タイ湖(Tay Ho)周辺を歩いていると、Vinhomesのタワーマンションが林立していることに気づきます。週末にはベトナム中産階級の家族連れがショッピングモールで買い物をし、Vinmecの病院には外資系企業の駐在員が通っています。VingroupはVinFastのニュースで語られる以上に、ベトナム人の日常生活に深く根ざしている会社です。それが「VingroupはVN-Indexそのものだ」と言われる所以でもあります。
VICに投資すれば今回の自動運転ニュースの恩恵を受けられるのかという問いに対しては、「一部は受けられるが、話はより複雑だ」というのが正直なところです。VinFastがロボタクシー事業で実績を積んでいけば、VingroupがAI・テクノロジー企業としての評価を得る可能性はあります。また、VinFastの国内実証実験が進めば、ベトナムのIT・テクノロジーセクター全体への注目度が増すという間接的な効果も考えられます。ただし、これはあくまで私個人の見立てであり、投資判断はご自身の責任でお願いします。
「レベル4」について冷静に言うと
最後に、一つ冷静な視点も加えておきます。
「レベル4自動運転」は、完全に人が介在しないシステムを指します。世界でも実用化しているのはWaymo(Google系)やBaidu(アポロ計画)など、十数年の開発投資を続けてきたプレイヤーに限られます。VinFastはNVIDIA DRIVE Hyperion 10を基盤としてコスト効率の高いアプローチを目指すと発表しましたが、量産・商用化までのロードマップはまだ詳細には開示されていません。

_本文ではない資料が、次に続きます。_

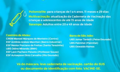 Em Casimiro de Abreu, Dia D de vacinação no próximo sábado (17), será em seis postos de vacinação
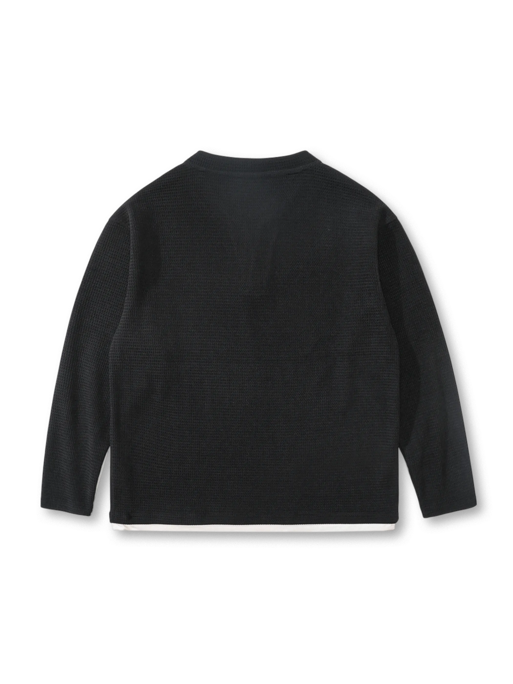 Vネックのフェイクレイヤー仕様と400g欧米綿起毛ワッフル生地が、快適さと重層的な着こなしを実現する長袖Tシャツです。
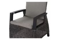 Bei Wind und Wetter sorgt die Witterungsbeständigkeit und Pflegeleichtigkeit der verwendeten Materialien fĂĽr den nötigen Schutz. Das Untergestell der Sessel besteht aus pulverbeschichtetem Aluminium in matt-anthrazit und macht sie stabil und widerstandsfähig. Aufgrund des geringen Gewichts (ca. 9,7 kg) lassen sie sich auch schnell an Ihren Lieblingsplätzen im Garten, auf der Terrasse oder auf dem Balkon platzieren. Das Aluminiumgestell wird mit halbrundem GARDINO®-Geflecht aus Polyethylen bespannt. Diese Faser trocknet besonders schnell, ist schmutzunempfindlich und verleiht mit ihrer natĂĽrlichen Optik in „charcoal grey“ jeder Gartengestaltung ein besonderes Flair. Die gemĂĽtlichen und pflegeleichten Sitzpolster aus 100 % Polypropylen (280 g/m²) sind farblich passend auf das Geflecht abgestimmt. Bei Verschmutzung können Sie die BezĂĽge abnehmen und von Hand waschen. Sie werden sehen, Ihre Wellnessoase zum Durchatmen und Entspannen bringt auch die Augen Ihrer Lieben zum Strahlen.
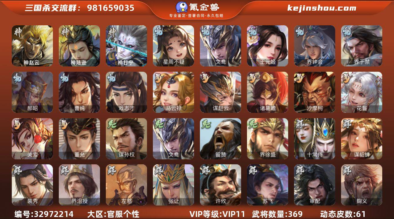【427】官阶:大将军;VIP等级:VIP11;史诗武将数量:37;动态皮肤数量:61;武将总数:369;史诗宝珠数量:11;将魂数量:666;神将:5;魏国史诗武将:15;蜀国史诗武将:7;吴国史诗武将:3;群史诗武将:19 神赵云,神陆逊,神甘宁,神吕蒙,神周瑜,星周不疑,文鸯,王元姬,界钟会,界于禁,郝昭,曹纯,戏志才,关索,马云騄,谋赵云,诸葛瞻,沙摩柯,花鬘,董允,留赞,界徐盛,谋孙权,谋黄月英,谋荀彧,十常侍,谋貂蝉,裴秀,界沮授,左慈,张让,苏飞,审配,麹义,南华老仙,沮授,界左慈,界李儒,鲍信,阎象,许攸,陈珪,神张辽-威震江东,神刘备-龙兴海内,神甘宁-万人辟易(动态),神曹操-天下归心,神赵云-战龙在野(动态),曹丕-气荡山河(动态),星周不疑-龙年清明(动态),甄姬-明珠耀躯(动态),SP蔡文姬-兔年冬日(动态),张春华-雪中舞刃(动态),戏志才-举棋若定(动态),朱灵-以战破氐(动态),王元姬-鼠年冬至(动态),花鬘-依心缱绻(动态),诸葛亮-龙年限定(动态),费祎-安民护祚(动态),关索-依心缱绻(动态),沙摩柯-劲弩始发(动态),关羽-明良千古(动态),赵云-牛年春节(动态),诸葛瞻-绵竹之殇(动态),界赵云-牛年春节(动态),孙策-兔年中秋(动态),周处-义除三害(动态),吕蒙-剑起惊澜(动态),孙权-永开吴祚(动态),文鸯-破宇开...
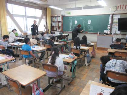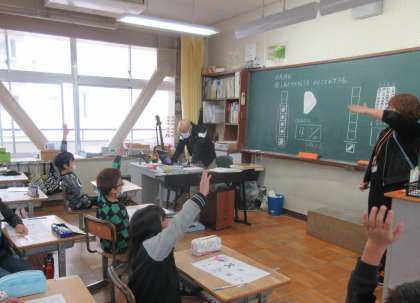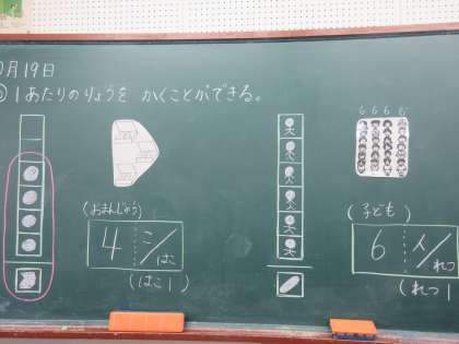 いよいよかけ算「九九」の学習に入りました。まずはじめに、「1あたりの量」についてしっかり押さえておくことが大切です。今日は、1箱あたりまんじゅう4個。2箱で8個・・・。はじめは、丁寧にイラストで描いていきますが、次第に黒く塗りつぶした形に簡易化し、一般化してタイルへと移行していきます。時間はかかりますが、ここが肝心です。
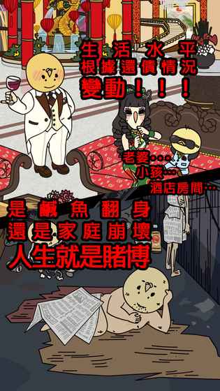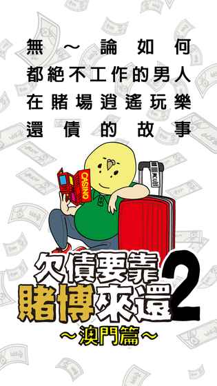 《欠债要靠赌博来还2 澳门篇》是一款休闲益智类的手机游戏。《欠债要靠赌博来还2 澳门篇》为《欠债要靠赌博来还》的续作,依旧是那个不想工作,只要赌博的男人。游戏中玩家要帮助这个男人进行赌博游戏,是变成人生赢家,还是倾家荡产,就看玩家的选择了!
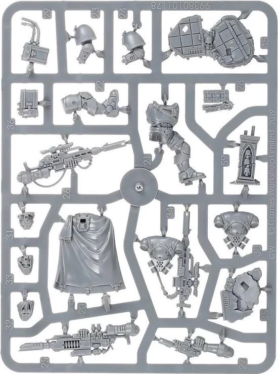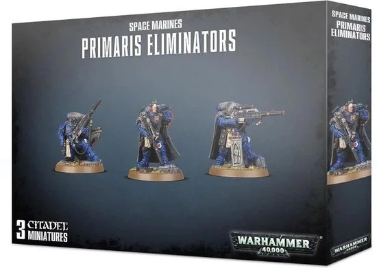 The plastic kit is made up of 60 components and makes three Eliminators. Each model is supplied with a Citadel 40mm Round base. The set also includes a Primaris Space Marines Infantry transfer sheet.
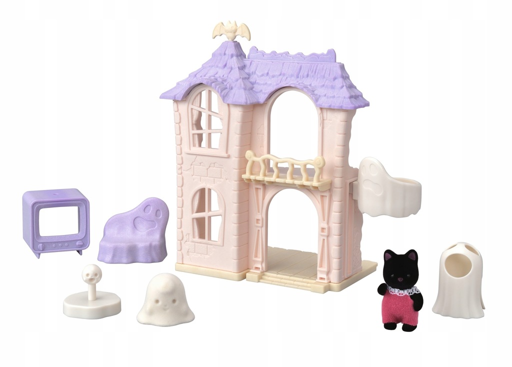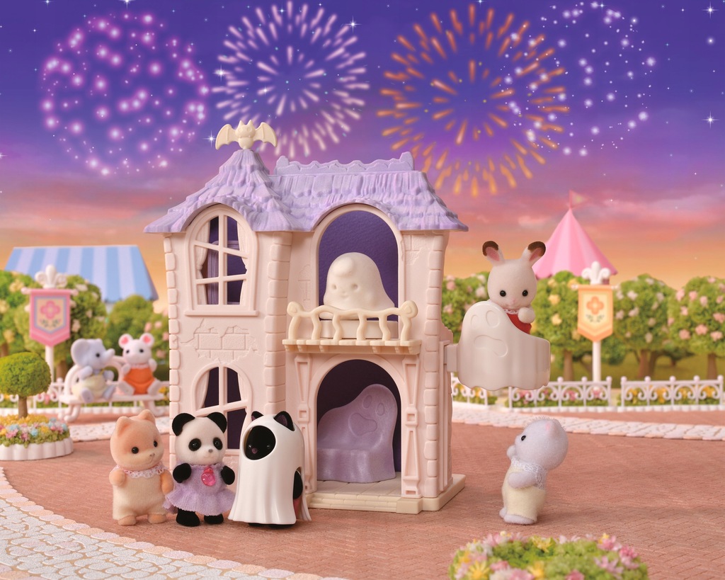 W parku rozrywki Sylvanian Park jest upiornie. W nawiedzonym domu Sylvanian Families naprawdę straszy. Dziecko czarnych kotków przebrało się za ducha i straszy inne dzieci. Z boku domu znajduje się winda, którą można ręcznie wciągnąć na pierwsze piętro. W nawiedzonym domu na gości czeka kiwający się duch, który potrafi się ukryć w telewizorze. Mały nietoperz na dachu chętnie siada na telewizorze i obserwuje świetną zabawę małych zwierzątek. Zestaw „Nawiedzony dom” zawiera nawiedzony dom z windą, fotel w kształcie ducha, telewizor, kiwającego się ducha i dziecko czarnych kotków wraz z kostiumem ducha. Produkt przeznaczony dla dzieci od 3 roku życia.

「発表した」と「商用化できた」の間には、巨大な谷があります。ハノイの道路を実際に走ったことがある人間として言わせてもらえば、あの交通環境を本当に自律走行できるシステムを作ることは、技術的に世界最高難度の挑戦の一つです。逆に言えば、もしVinFastが本当にそれを実現したなら、グローバル展開の切り札になりえる。
今は「プレイヤーとして本気だ」という宣言の段階として受け取り、実証データが出てくるまでは継続観察の姿勢でいるのが、長期投資家としての賢明な立ち位置だと個人的には考えています。そういうことなんです。